### Task statement
Your copy should match the entries exactly, with no images carried over.

Items from a dataset:

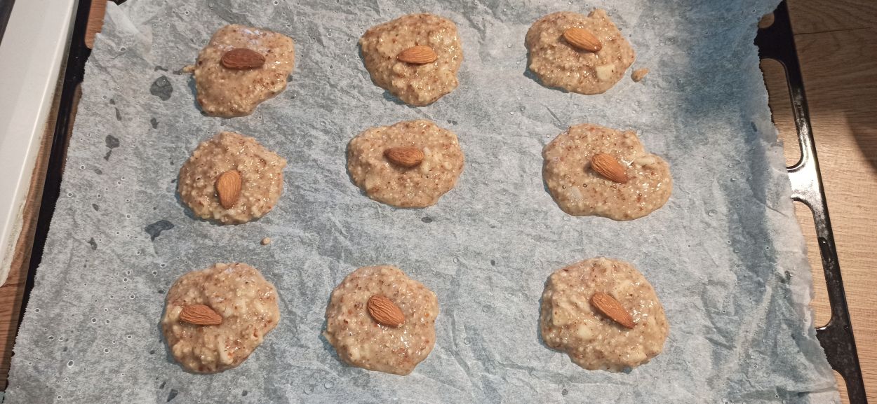 Con l’aiuto di due cucchiai, prelevate piccole quantità e disponetele su una teglia foderata da carta forno, completate con una mandorla.
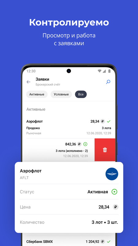 • данные об эмитенте и просмотр параметров активов – вся необходимая информация на экране смартфона;
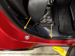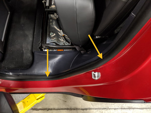 NoteSeat pillar and sill trim tabs underneath seal
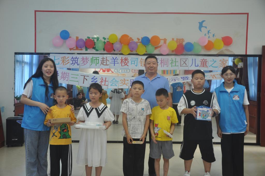 “在此次“三下乡”实践过程中,我们面临了很多挑战,住宿条件及硬件设施的简陋,和留守儿童的磨合过程都曾让我们心生畏惧,但是想到孩子们的笑脸与成长,我们最终一一克服了。”“七彩筑梦师”团队负责人都宇婷在活动现场表达了自己的切身体会。梧桐社区留守儿童之家董事长卢幼军对实践队员的努力与付出表示感谢,并希望所有老员工与小员工在社会的关爱下共同茁壮成长。
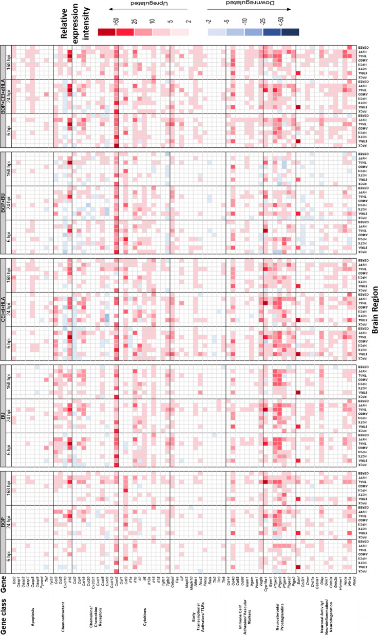 Methods: Building upon our prior findings, we aimed to understand the impact of systemic inflammation on neuroinflammatory gene transcripts in eight brain regions in rats exposed to (1) blast overpressure exposure [BOP], (2) cutaneous thermal injury [BU], (3) complex extremity injury, 3 hours (h) of tourniquet-induced ischemia, and hind limb amputation [CEI+tI+HLA], (4) BOP+BU or (5) BOP+CEI and delayed HLA [BOP+CEI+dHLA] at 6, 24, and 168 h post-injury (hpi).
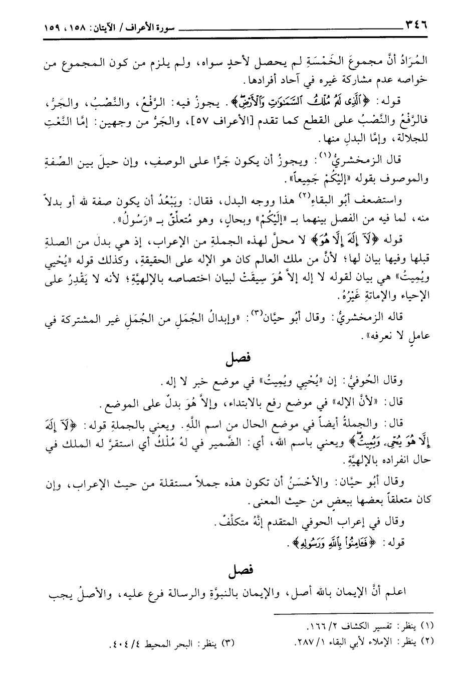واستضعف أبُو البقاءِ هذا ووجه البدل، فقال: ويَبْعُدُ أن يكون صفة لله او بدلاً منه، لما فيه من الفصل بينهما ب «إلَيْكُمْ» وبحالٍ، وهو مُتعلِّقٌ ب «رَسُولُ» .
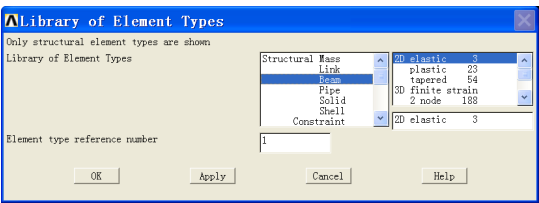 d. 在右邊單元列表中選擇 2D elastic 3 (BEAM3).
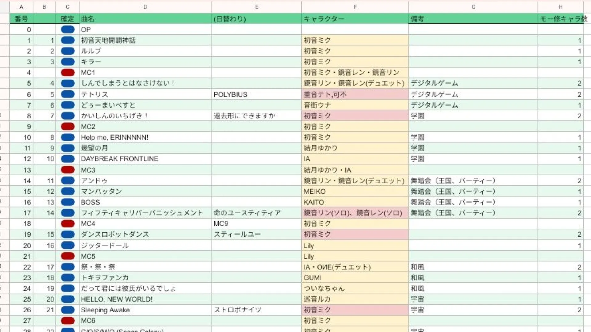 MIKUECなどVLLで行われるライブで演奏される曲のセットリストを作り、演出を考える班です。

### Output below
 Con l’aiuto di due cucchiai, prelevate piccole quantità e disponetele su una teglia foderata da carta forno, completate con una mandorla.
 • данные об эмитенте и просмотр параметров активов – вся необходимая информация на экране смартфона;
 NoteSeat pillar and sill trim tabs underneath seal
 “在此次“三下乡”实践过程中,我们面临了很多挑战,住宿条件及硬件设施的简陋,和留守儿童的磨合过程都曾让我们心生畏惧,但是想到孩子们的笑脸与成长,我们最终一一克服了。”“七彩筑梦师”团队负责人都宇婷在活动现场表达了自己的切身体会。梧桐社区留守儿童之家董事长卢幼军对实践队员的努力与付出表示感谢,并希望所有老员工与小员工在社会的关爱下共同茁壮成长。
 Methods: Building upon our prior findings, we aimed to understand the impact of systemic inflammation on neuroinflammatory gene transcripts in eight brain regions in rats exposed to (1) blast overpressure exposure [BOP], (2) cutaneous thermal injury [BU], (3) complex extremity injury, 3 hours (h) of tourniquet-induced ischemia, and hind limb amputation [CEI+tI+HLA], (4) BOP+BU or (5) BOP+CEI and delayed HLA [BOP+CEI+dHLA] at 6, 24, and 168 h post-injury (hpi).
واستضعف أبُو البقاءِ هذا ووجه البدل، فقال: ويَبْعُدُ أن يكون صفة لله او بدلاً منه، لما فيه من الفصل بينهما ب «إلَيْكُمْ» وبحالٍ، وهو مُتعلِّقٌ ب «رَسُولُ» .
 d. 在右邊單元列表中選擇 2D elastic 3 (BEAM3).
 MIKUECなどVLLで行われるライブで演奏される曲のセットリストを作り、演出を考える班です。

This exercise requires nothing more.